The pilots weren’t trained to deal with the flight upset because even Airbus, the aircraft manufacturer, did not expect the aircraft to ever experience such an extreme upset. I guess since Murphy isn’t French they don’t expect his effects to occur there. This assumption probably derived from the aircraft being fly-by-wire. The expectation being the aircraft would not let itself become upset to this degree. but the automatic flight systems were disrupted by the cycling of the circuit breaker.
Τύλιξε
Failures in complex systems takeΠολλή προσπάθεια να εντοπιστεί. Σε αυτή την περίπτωση βλέπουμε πώς τρεις ξεχωριστές ενέργειες προκαλούν την αποτυχία με τέταρτη, την αποτυχία συντήρησης, συμβάλλοντας σημαντικά. Αυτό επισημαίνει ότι η συνολική αποτυχία μπορεί να έχει αποφευχθεί σε πολλές φορές: εάν οι αρθρώσεις συγκόλλησης δεν είχαν αποτύχει. Εάν οι πιλότοι δεν είχαν κυκλοφορήσει τον διακόπτη. Εάν οι πιλότοι είχαν αποκαταστήσει τους αυτόματους υπολογιστές πτήσης. Εάν οι πιλότοι αντέδρασαν σωστά μετά την αναστάτωση.
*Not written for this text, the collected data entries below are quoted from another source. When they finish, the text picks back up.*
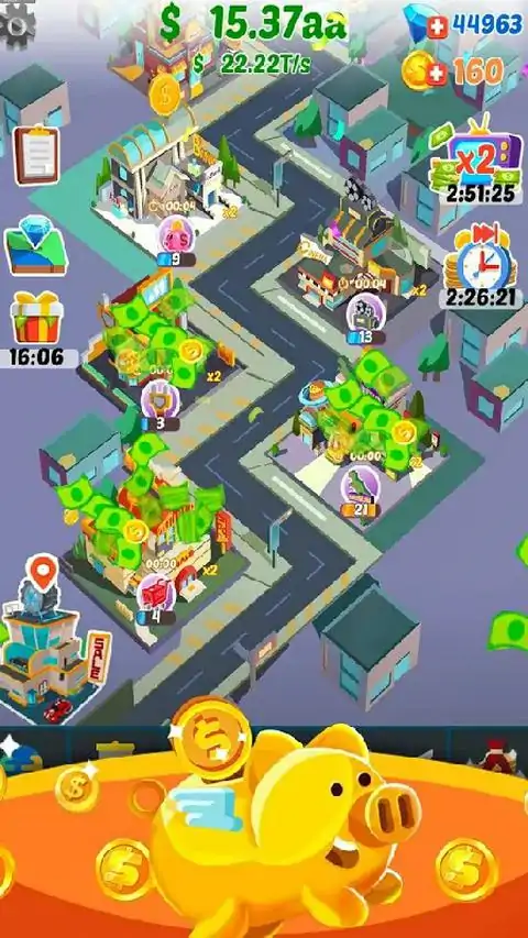 点击购买直接成功 游戏玩法轻松简单。只需要点击创建您的建筑物,然后保持点击,不断升级。当您积累足够的金币时,就可以成功的经理来帮助您赚钱了。 投资更多建筑物并解锁全新大陆。您的建筑物等级越高,您的资产也将更庞大。解锁所有建筑,拥有足够资金,构建您的专属商业帝国吧。 虽然,第一桶金是如此简单,但革命尚未成功,王者之路注定艰辛。不过, 别担心,一些人也在热衷于寻找他们的商业投资伙伴。积极的寻找他们,获取他们的投资吧。这对你而言,将是一个极富激情和挑战的决定,对吗? 如果您想用最短的时间证明您的商业实力,如果您有足够的信心扩充您的商业版图,那么,就请加入我们。
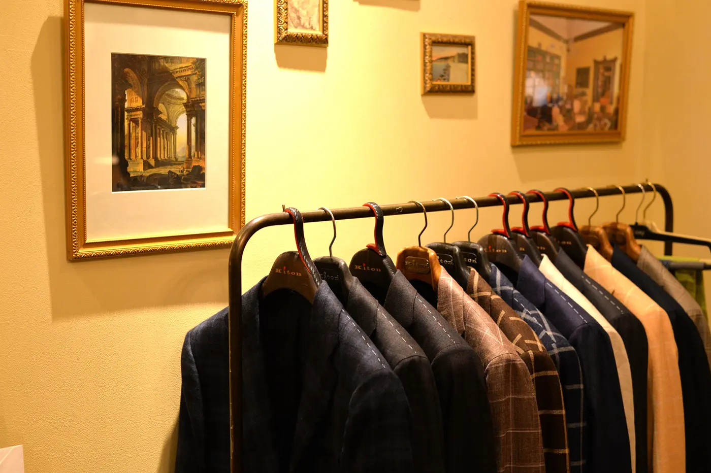 まずジャケットやスーツは、キートン。それもSUPER 180’sウールやカシミア100%などの極上の生地を使ったものだけを扱っています。
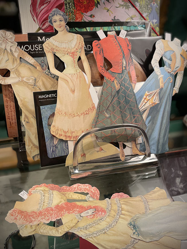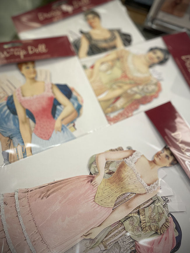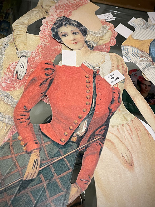 Un kit exquisito de carácter nostálgico y vintage con muñeca y vestidos recortables de estilo inglés. Un diseño original diseñado e impreso en Inglaterra.
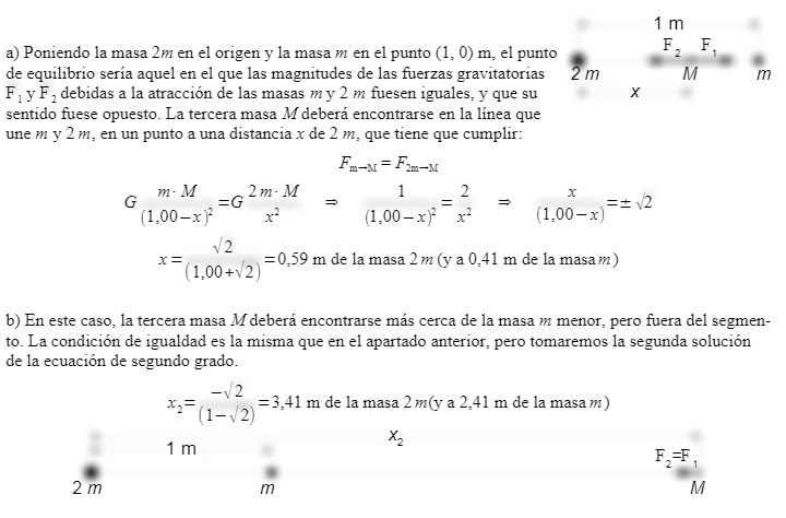 1.- Dos puntos materiales de masas m y 2m respectivamente, se encuentran a una distancia de 1 m. ¿Dónde habrá que colocar otra masa para que esté en equilibrio?
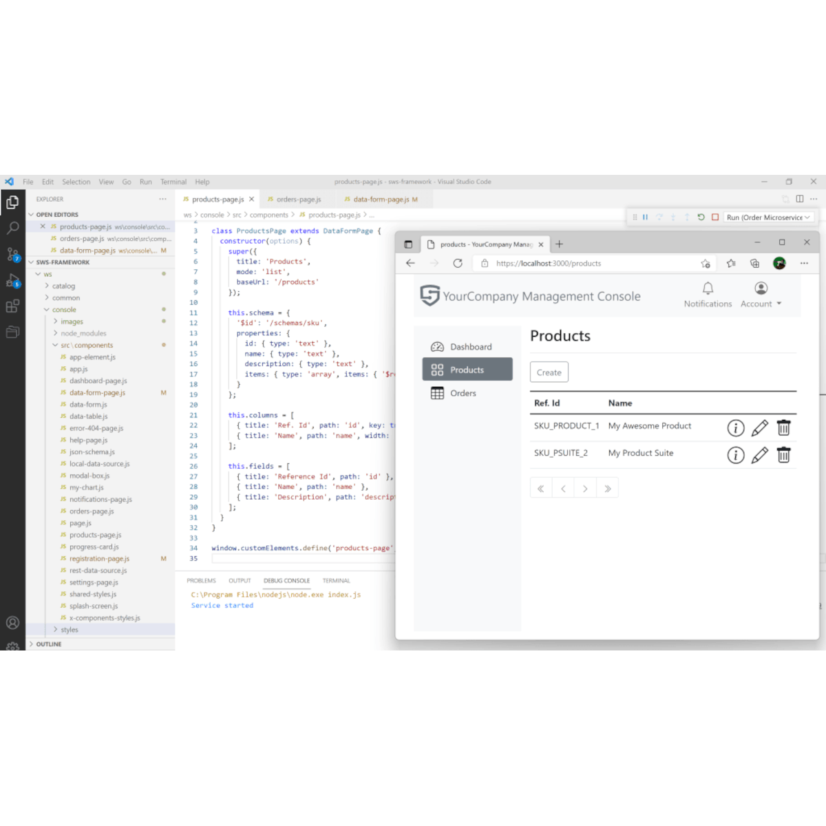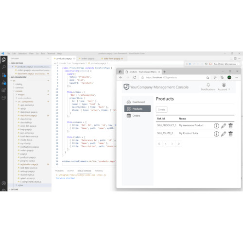 The framework comes with a highly-customizable SPA front-end console demonstrating microservice communication, with built-in data-driven components to facilitate development.
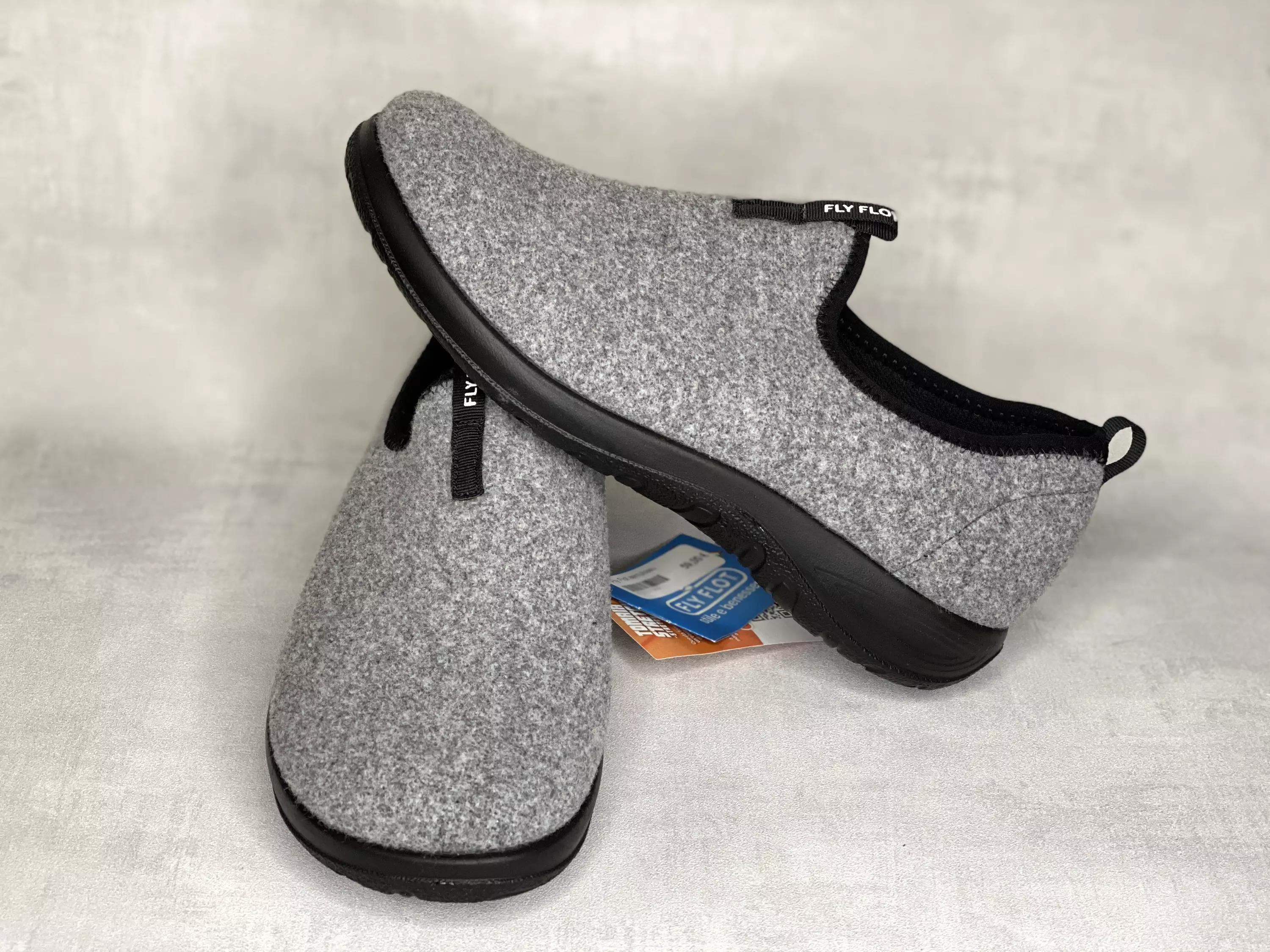 Ihanat vaaleanharmaat FlyFlot aamutossut . Vaihdettava pohjallinen, joka on pehmeä ja hyvin tärähdyksiä vaimentava. Näissä aamutossuissa on pohjaa sen verran, että ne jalassa voi sujuvasti kipaista ulkona vaikkapa postilaatikolla.
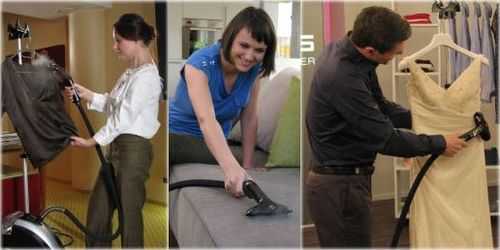 С помощью отпаривателя, помимо всего прочего, можно избавиться от пятен на мебели и одежде. Для этого следует воздействовать на загрязненное место сильной струей пара, а образовавшуюся влагу счистить при помощи салфетки.
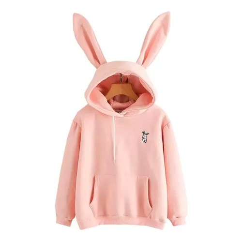 Moletom Feminino De Manga Comprida Com Capuz Orelhas De Coelho
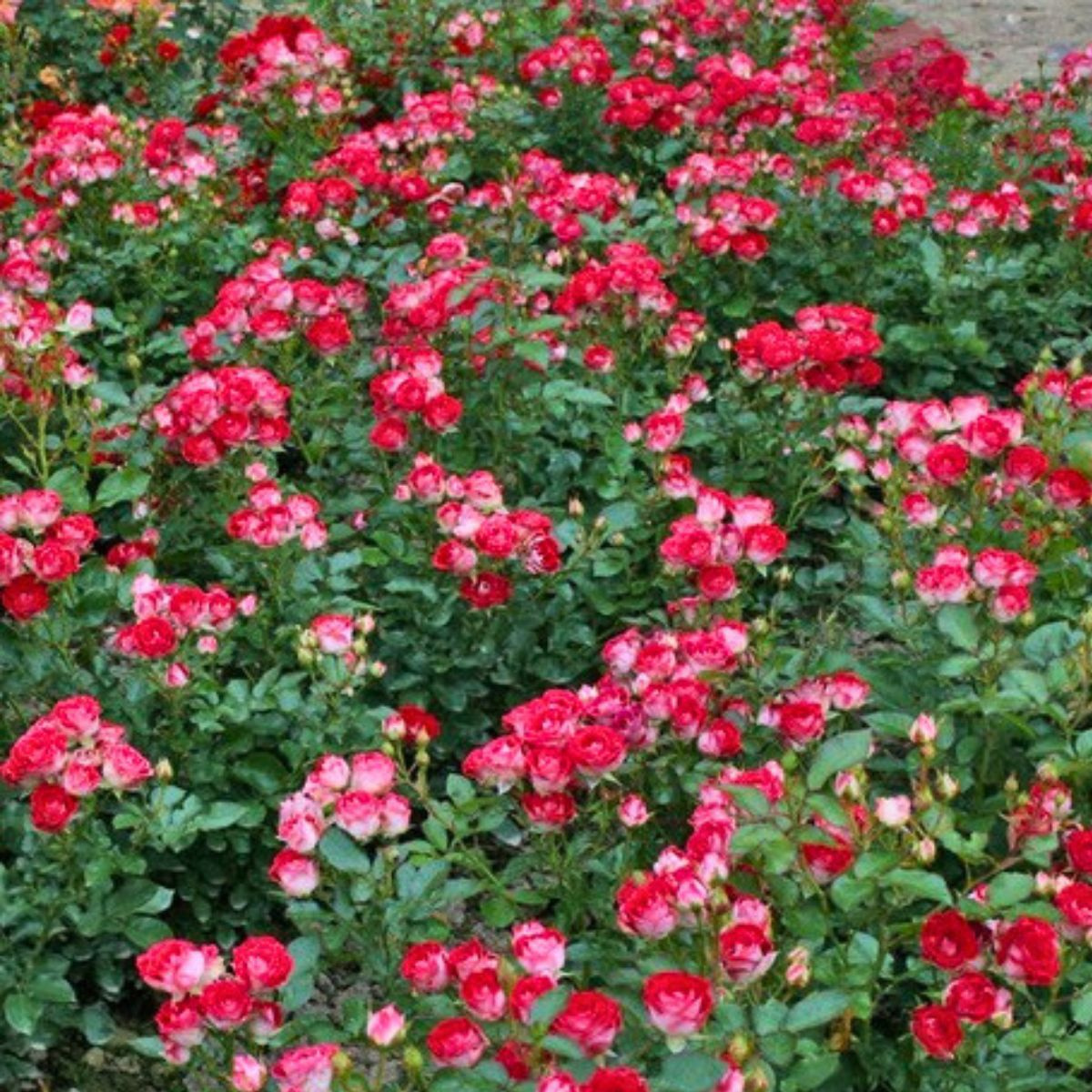Róża rabatowa Schone Koblenzerin czerwono-biała
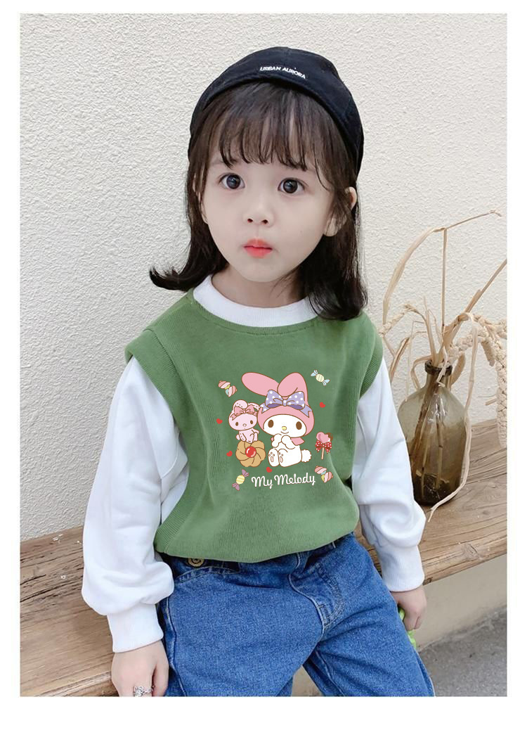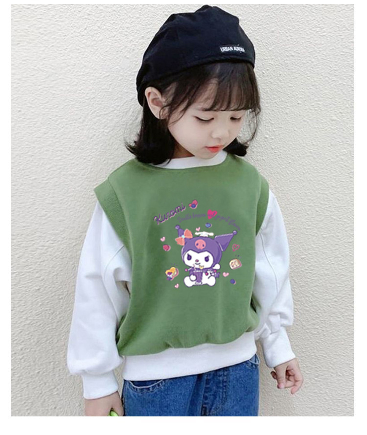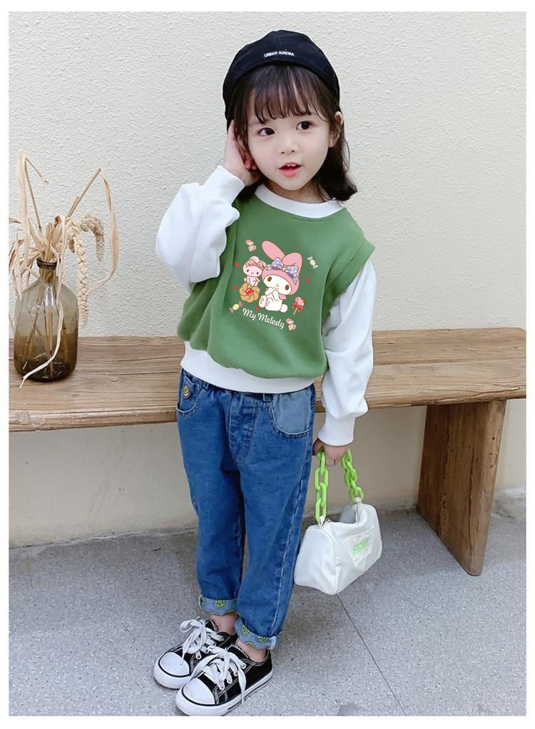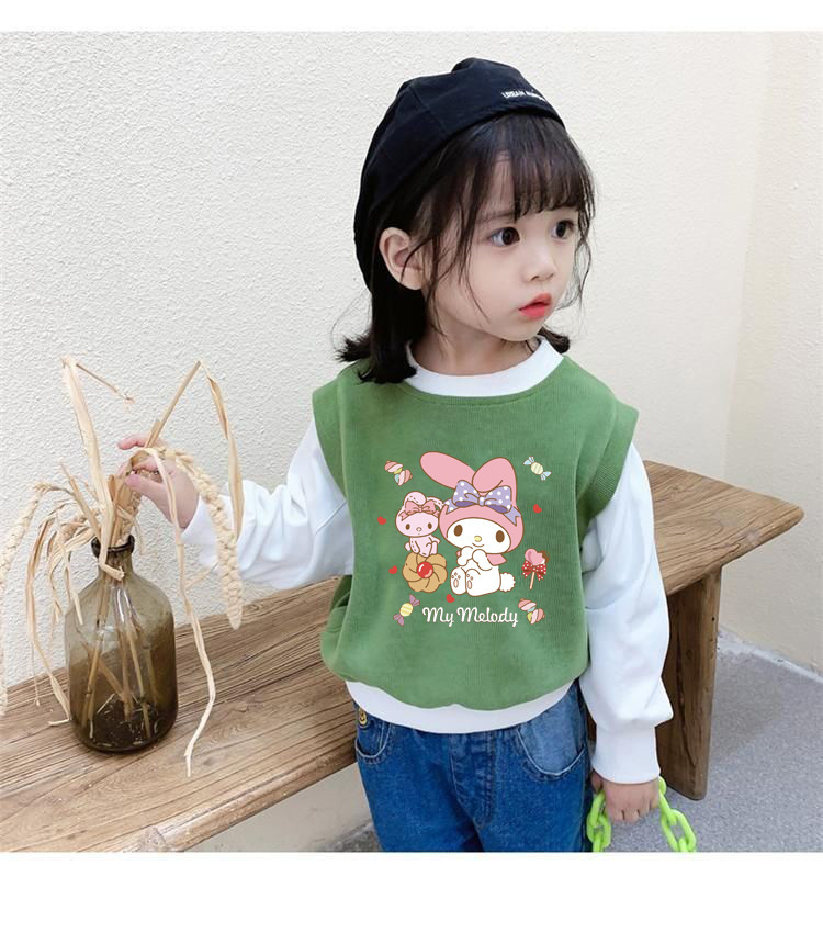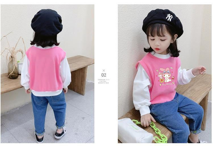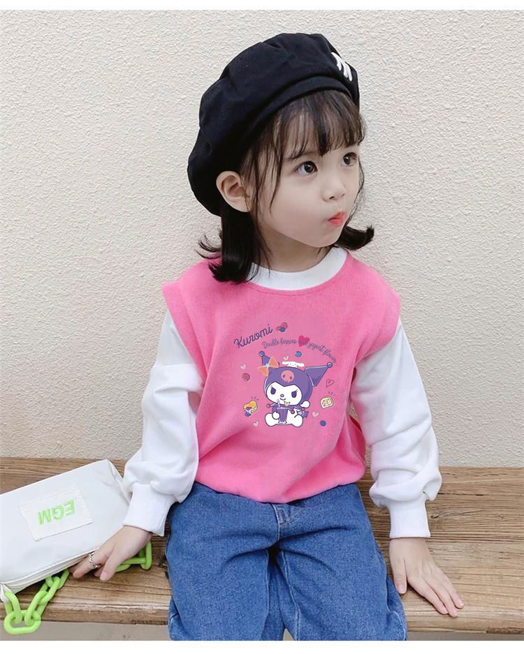 봄과 가을 소녀 스웨터 2025 새로운 스타일 한국 스타일 라운드 넥 인 스플 라이스 어린이 가짜 투피스 탑 봄 스타일스토어 가기

Ακόμη και ως hackers πρέπει να έχουμε κατά νου πότε και πώς μπορεί να συμβεί βλάβες. Έχουμε γράψει άρθρα σχετικά με τις ηλεκτρονικές κλειδαριές πόρτας που δημιουργήθηκαν από τους χάκερ. Πώς φτάνετε αν η ισχύς σβήσει ή μια κακή κοινή συγκόλληση αποτύχει μετά από μερικές εκατοντάδες ανοίγματα και κλεισίματα; Ας ελπίσουμε ότι ένα ουσιαστικό θα παρακάμψει τα ηλεκτρονικά. Ευτυχώς, πολλά από τα hacks που βλέπουμε δεν είναι κρίσιμα. Ευτυχώς, οι αποτυχίες δεν θα ήταν απειλητικές για τη ζωή. Ας το κρατήσουμε αυτόν τον τρόπο.